Volunteer efforts are a huge part of the operation of the church. Most faith organizations have key members of staff on payroll, but a lot of the behind-the-scenes work that helps keep them afloat is accomplished by people who simply give their free time to participate. Some of these volunteers hold influential leadership positions that play a role in shaping important decisions. While your church probably does not want to take away the opportunity for members to serve in this capacity, there are several reasons why imposing term limits on specific leadership roles is a good idea.
Growth is often a primary concern in the forefront of a faith community's overall agenda. A lot of effort is directed at ways to increase attendance and membership (and hopefully, by extension, donations). Healthy growth starts internally, though.
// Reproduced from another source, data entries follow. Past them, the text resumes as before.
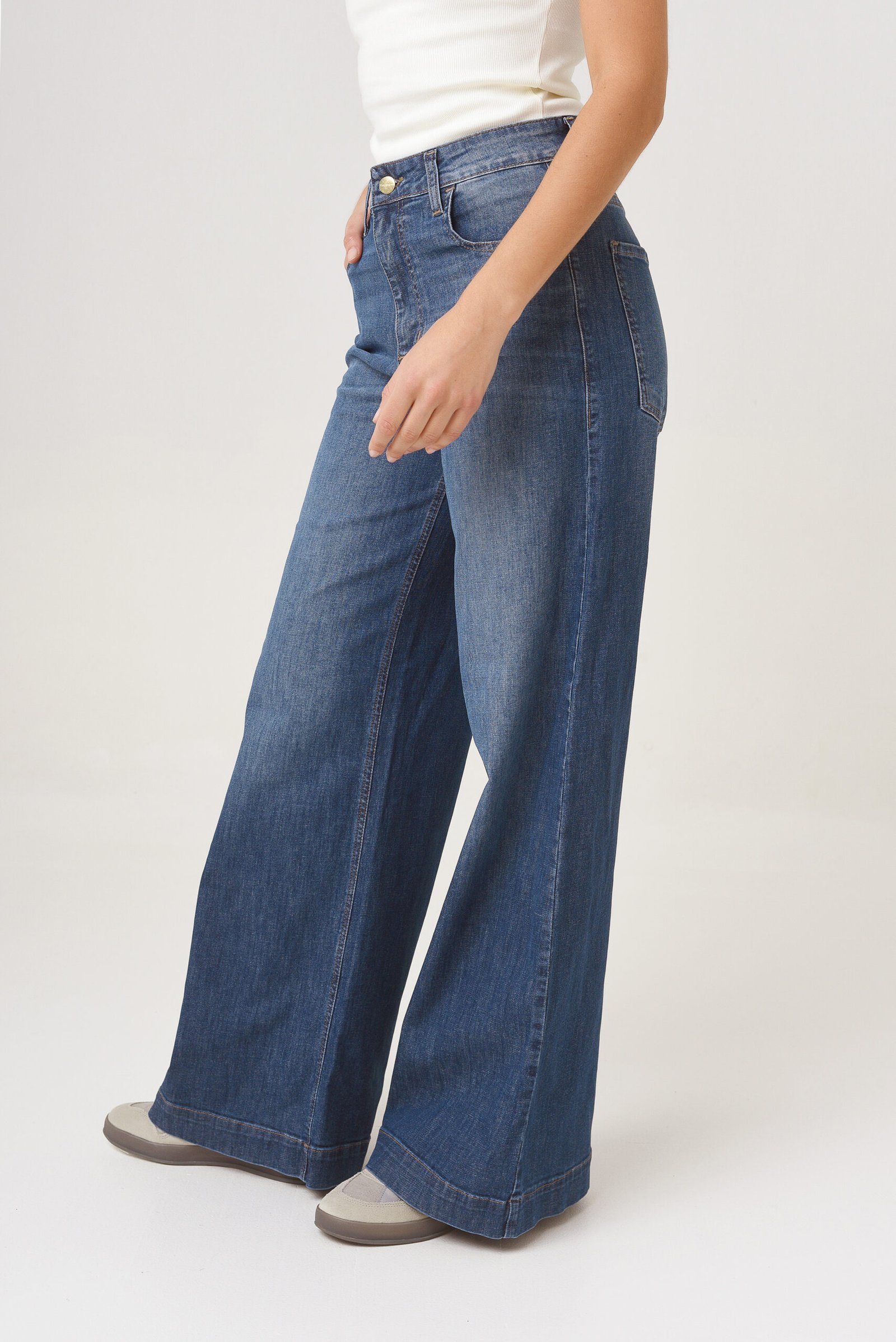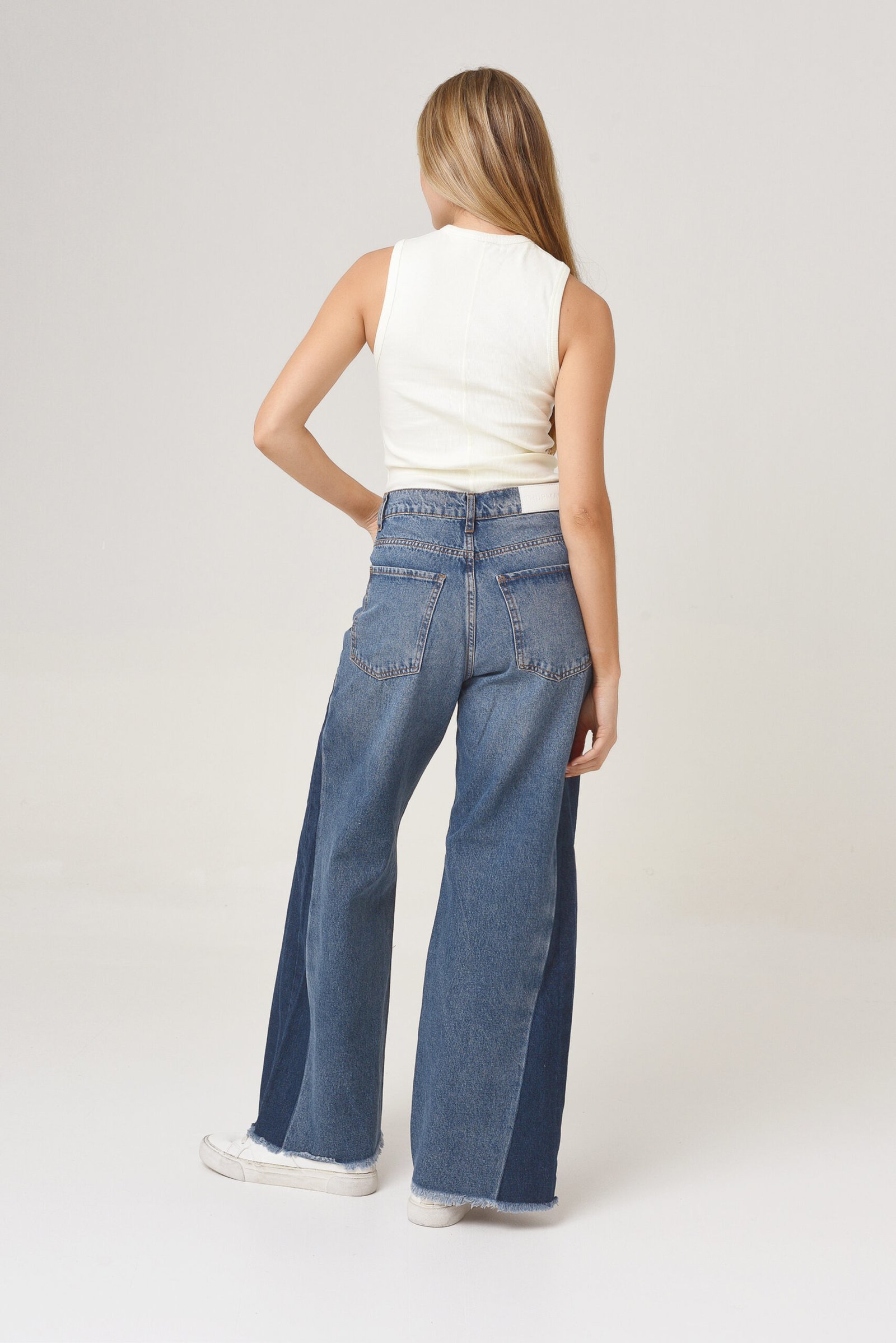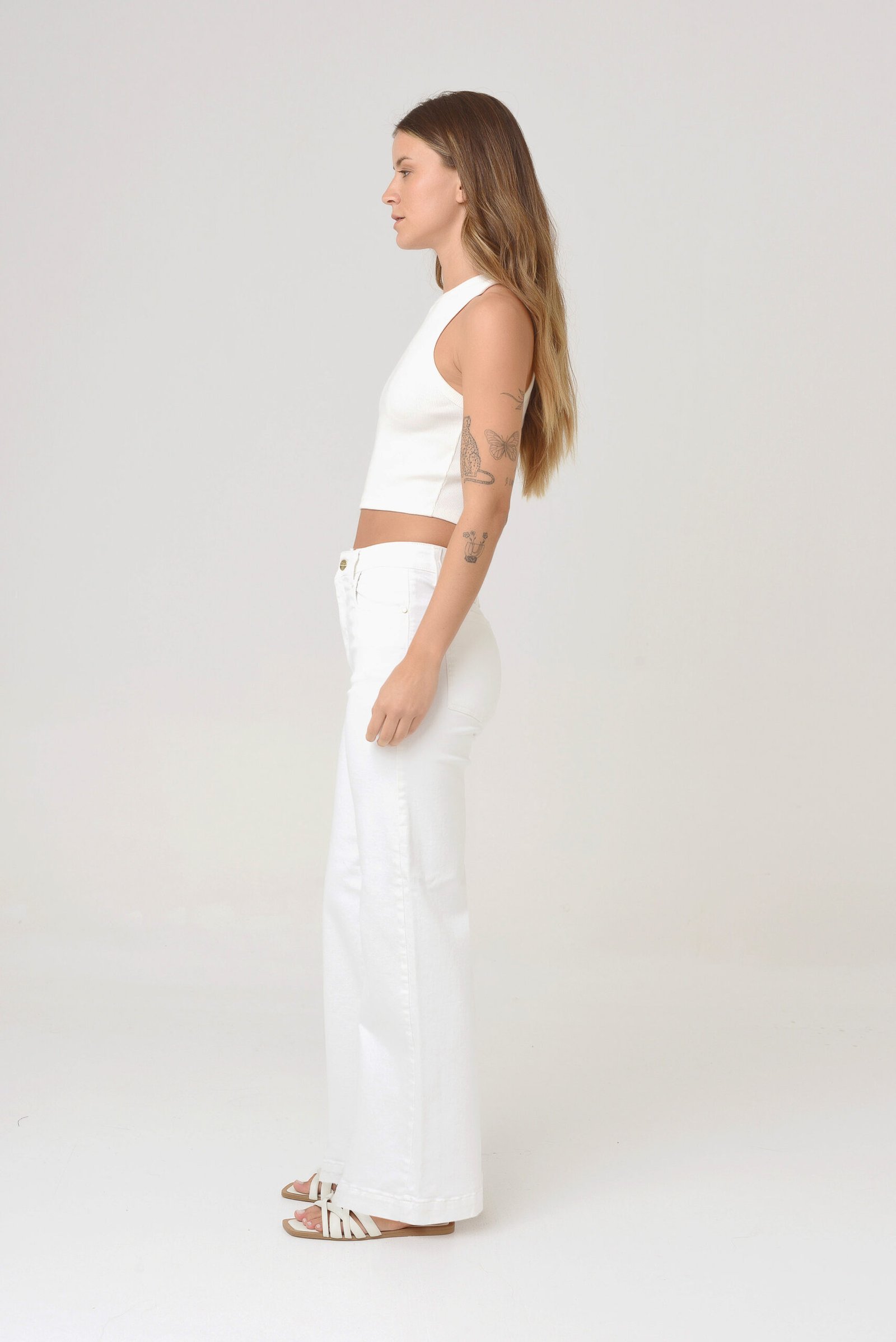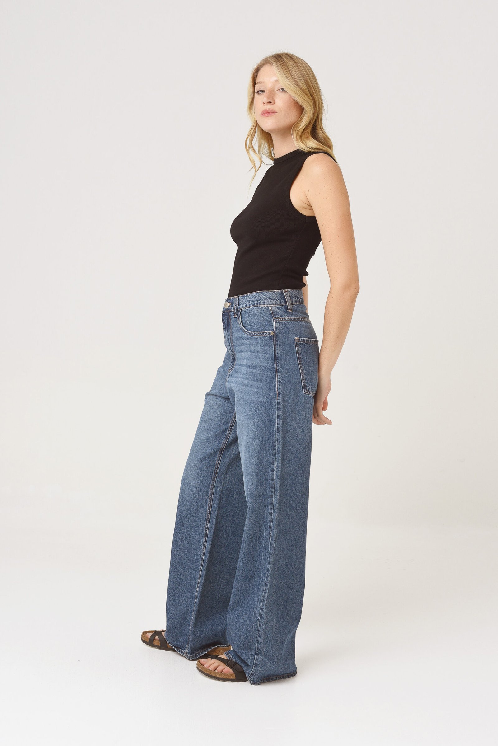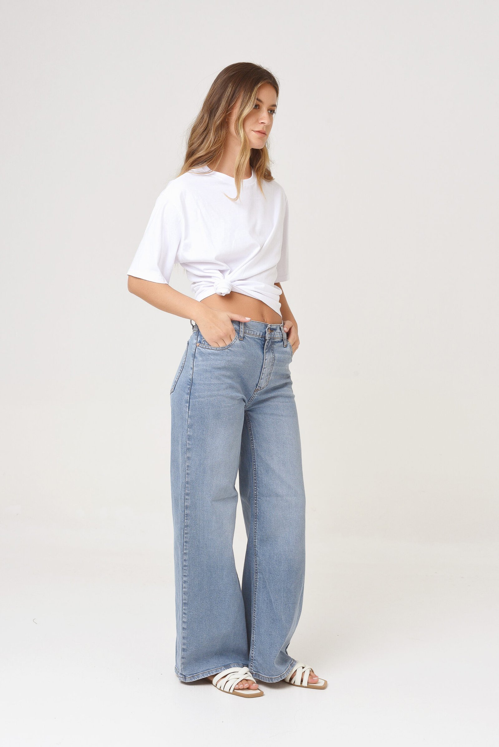 Tiro alto, ajuste en cintura, cadera y muslos. Pierna ancha de muslo a botamanga.
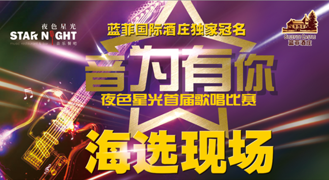 由東莞市藍(lán)菲酒業(yè)有限公司獨(dú)家冠名的,夜色星光音樂餐吧主辦的《音為有你》夜色星光首屆歌唱大賽全面啟動(dòng),初賽于8月9日-11日在廣州大道北佳潤(rùn)廣場(chǎng)盛大舉行!來自五湖四海的100多個(gè)音樂人“音”為愛好而相聚在一起,拿起麥克風(fēng),唱歌給你聽!在夜色星光中用音樂發(fā)聲!這夜,舞臺(tái)為他們而設(shè),我們,為他們而來。
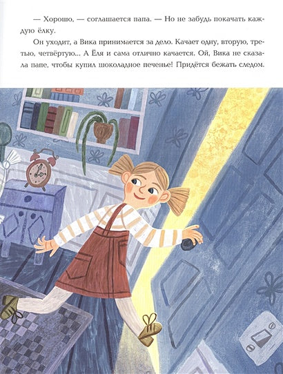Книга "Непослушная елка" рассказывает про веселые приключения девочки Вики и ее волшебных елочек, которые сами качаются и играют вместе с ней. Эта доброжелательная история показывает, как ребенок общается с новогодними украшениями и как малышке приходится догонять елочку, чтобы получить шоколадное печенье.
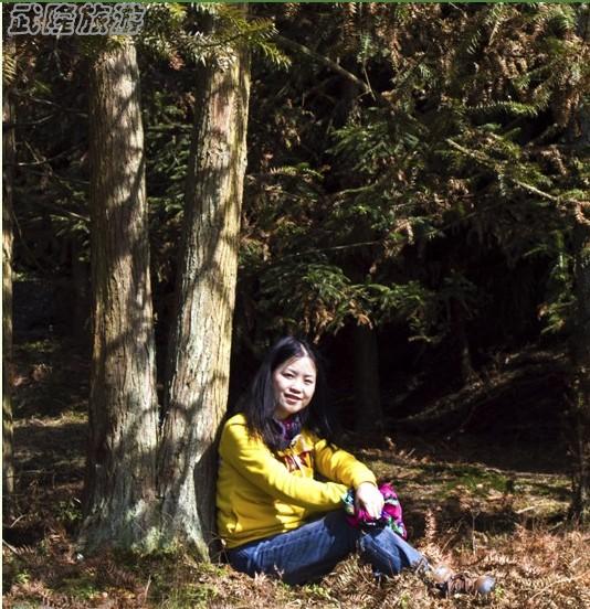 在松柏下的留影。地上铺满了落叶,很松软的感觉。
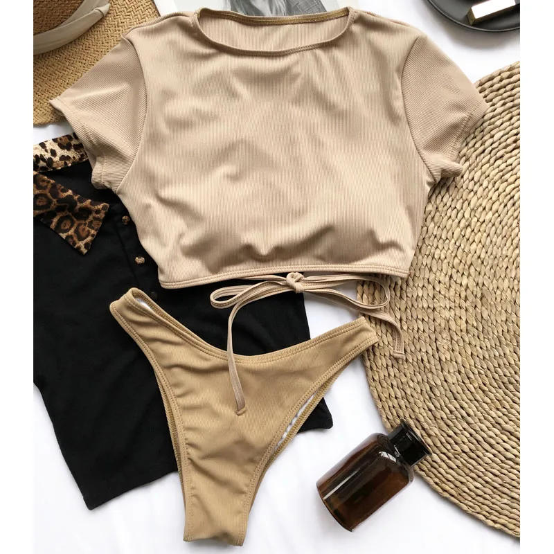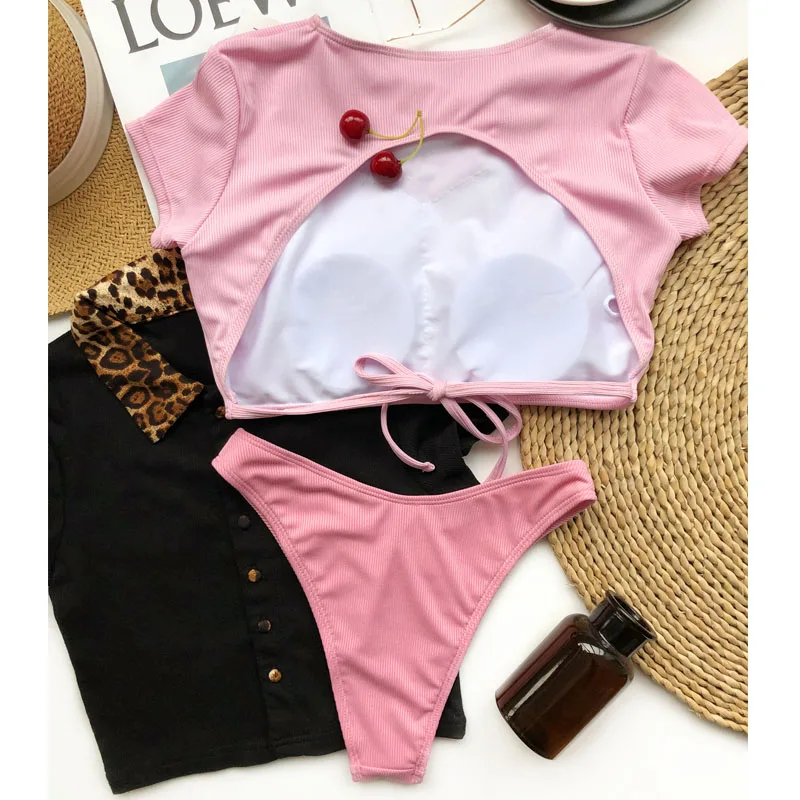 Mossha 2021 Спортивный Розовый ребристый бикини с коротким рукавом ...
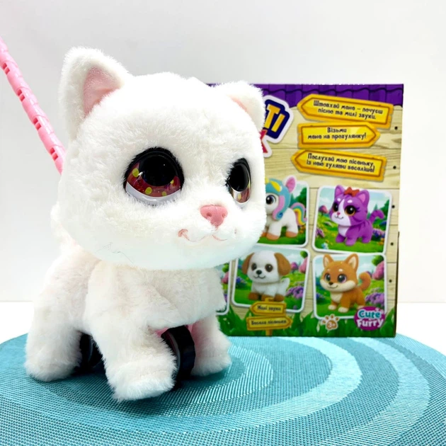 Котик-каталка на паличці інтерактивна українська мова Біла (M 6248 I UA)
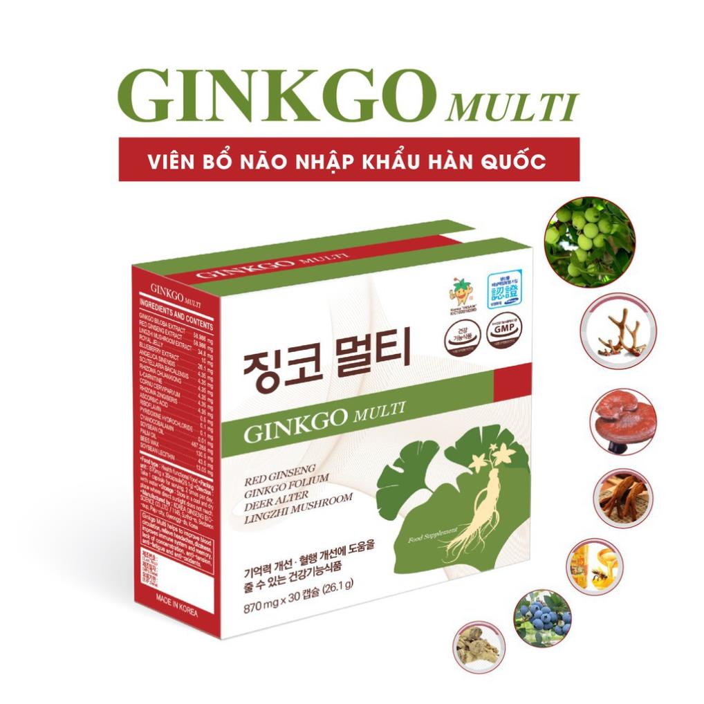 {Nhập Hàn} GINKGO MULTI – Hỗ trợ hoạt huyết dưỡng não, giảm đau đầu, mệt mỏi, tăng cường trí nhớ và tập trung (30v)
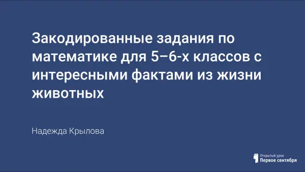 Проанализировав задания в учебниках математики 5–6-х классов я заметила, что в учебнике не осталось заданий с закодированным ответом и формулировки заданий скучные. А такие задания должны вызывать у ребят желание скорее получить ответ на поставленный вопрос. Все с увлечением должны выполнять задания, ставя каждому ответу в примере в соответствие букву. Выполняя данную работу, я поставила перед собой цель: подобрать к каждому такому заданию интересные факты из жизни животных, так как большинство современных людей живет далеко от мира диких животных. Редкие встречи с ними не дают нам возможности серьезно задуматься над всей сложностью и многообразием их жизни. Именно сегодня, когда диких животных на земле становится все меньше, а некоторые виды либо исчезли, либо стали редкими, мы должны знать о них больше. И, конечно же, хочется увидеть фото этого зверя.
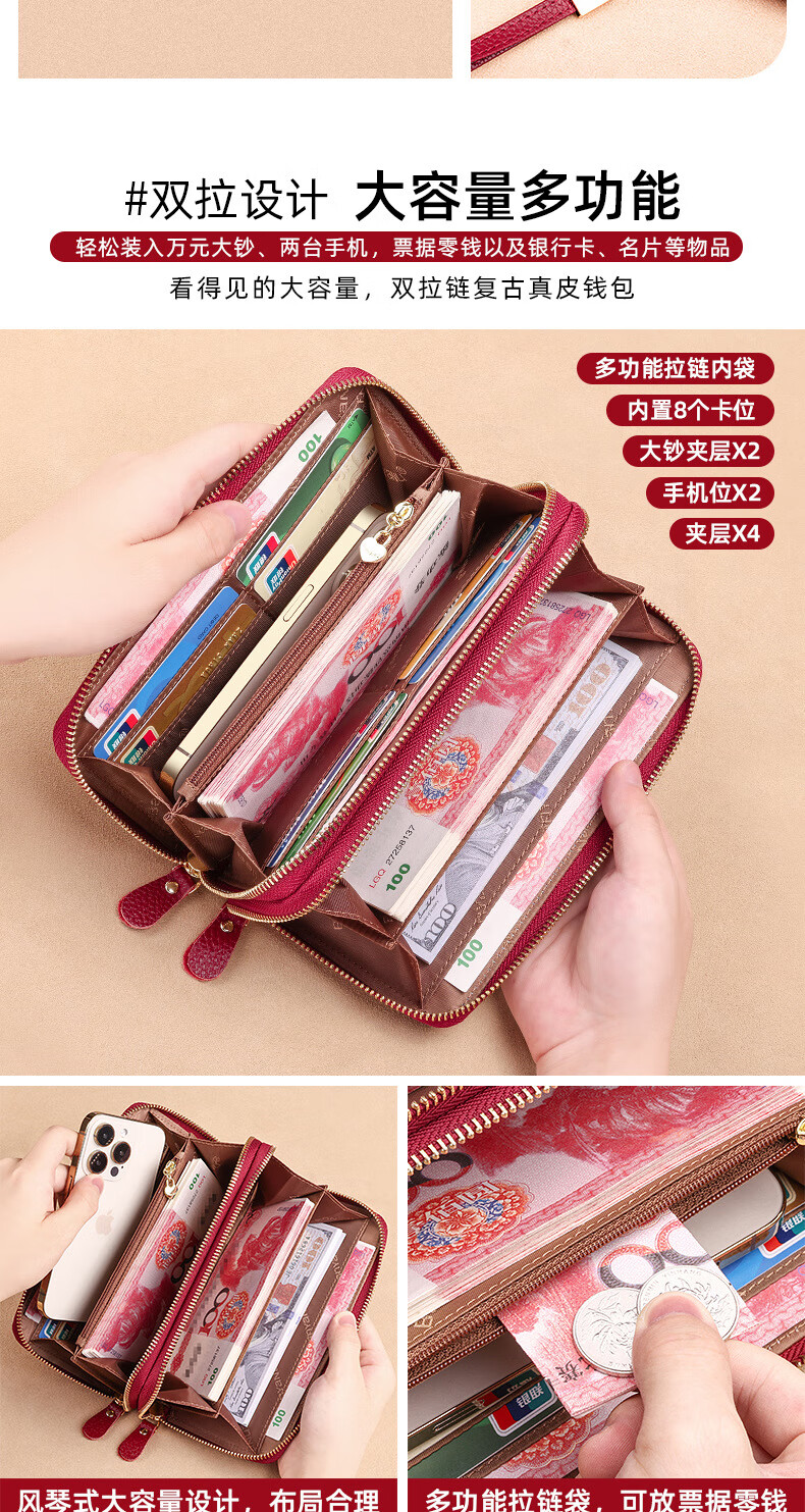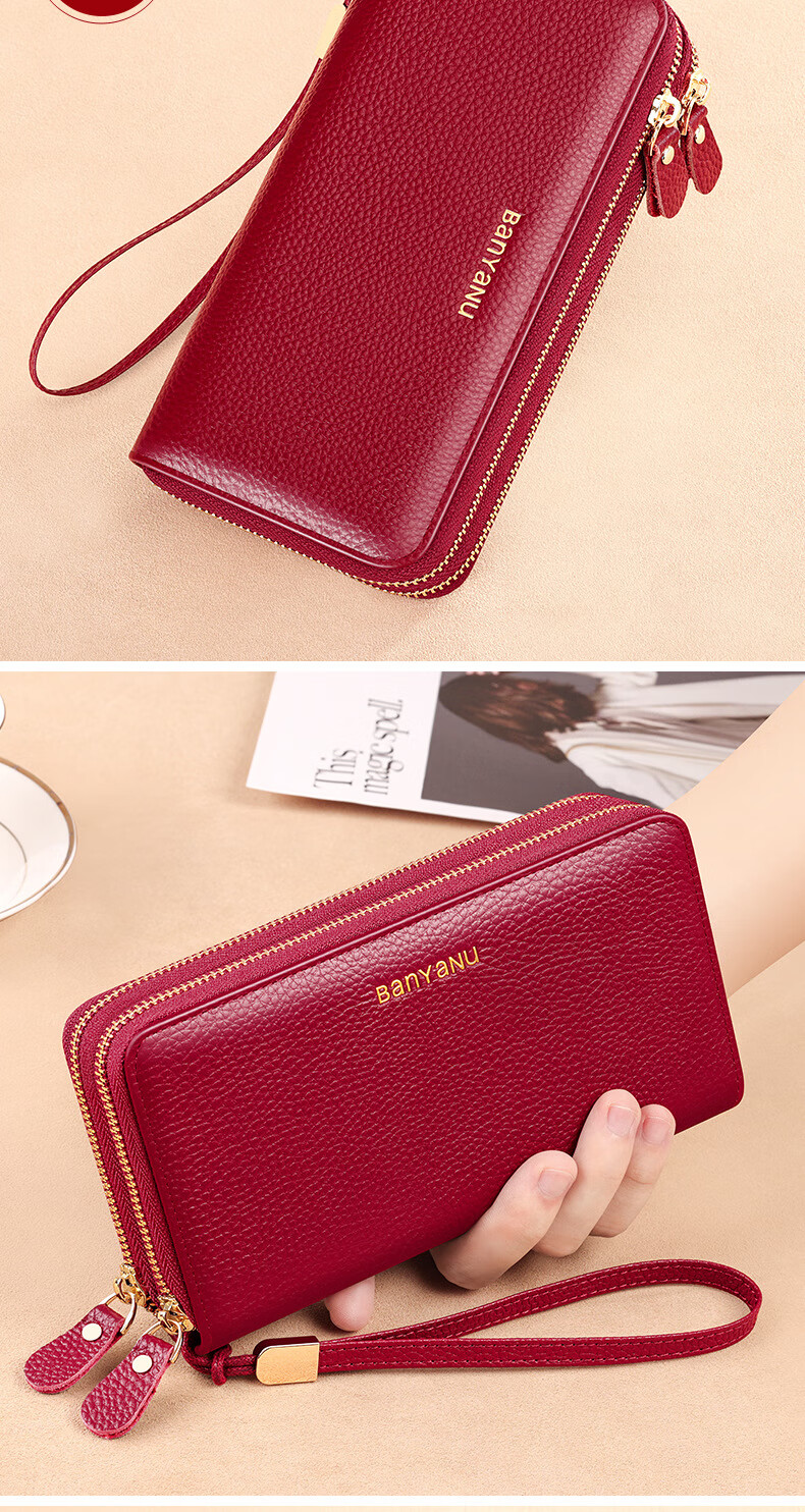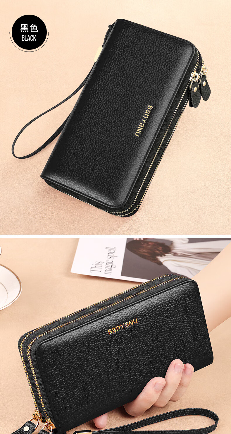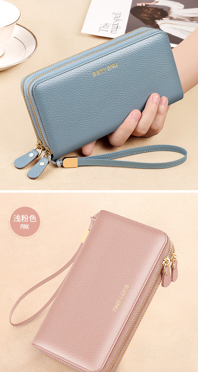 Banyanu Wallet Women's Long Style 2025 New Fashion Large Capacity First Layer Cowhide Wallet Double Zipper Genuine Leather Clutch Brown (First Layer Cowhide) Anti-Theft Brush No Specifications

New ideas fuel positive change, and shifting leadership every few years can work like a built-in focus group. A staggered two-year limit on the church council or the body that serves as your organization's board of directors ensures a steady influx of new perspectives. It lowers the risk of making automatic, mediocre decisions based on assumptions that the way the church has always done things is the preferred way. It gives newer members a chance to get involved. Being intentional about considering younger members for these positions can also resolve the problem many churches have regarding their inability to reach younger generations.
People tend to step into committee and board leadership positions because they care passionately about the work that particular subgroup does. Exuberant passion often has an expiration date, though. Church leadership is a lot of work, even when you're getting paid for it. For volunteers, the stress can be even more taxing. Board members and committee chairs may feel pressured to keep going long after their enthusiasm for the position has waned. Without a specified end date, others may be hesitant to get involved in the first place. Term limits help set clear boundaries.
It may be hard to tell if someone is in the early stages of being overly stressed. Before long, though, burnout shows up through many telltale symptoms:
- Increase in number of absences from meetings or excessive tardiness
- Signs of anxiety or depression
- Reduced engagement in discussions
- Failure to complete tasks to which they previously agreed or were assigned
- Increase in conflict instigation
As you can likely imagine, there are many potential unpleasant and unproductive consequences that can occur when leadership becomes stagnant. Term limits not only protect leaders from experiencing the negative effects of burnout but also safeguard the church from the fallout that often follows.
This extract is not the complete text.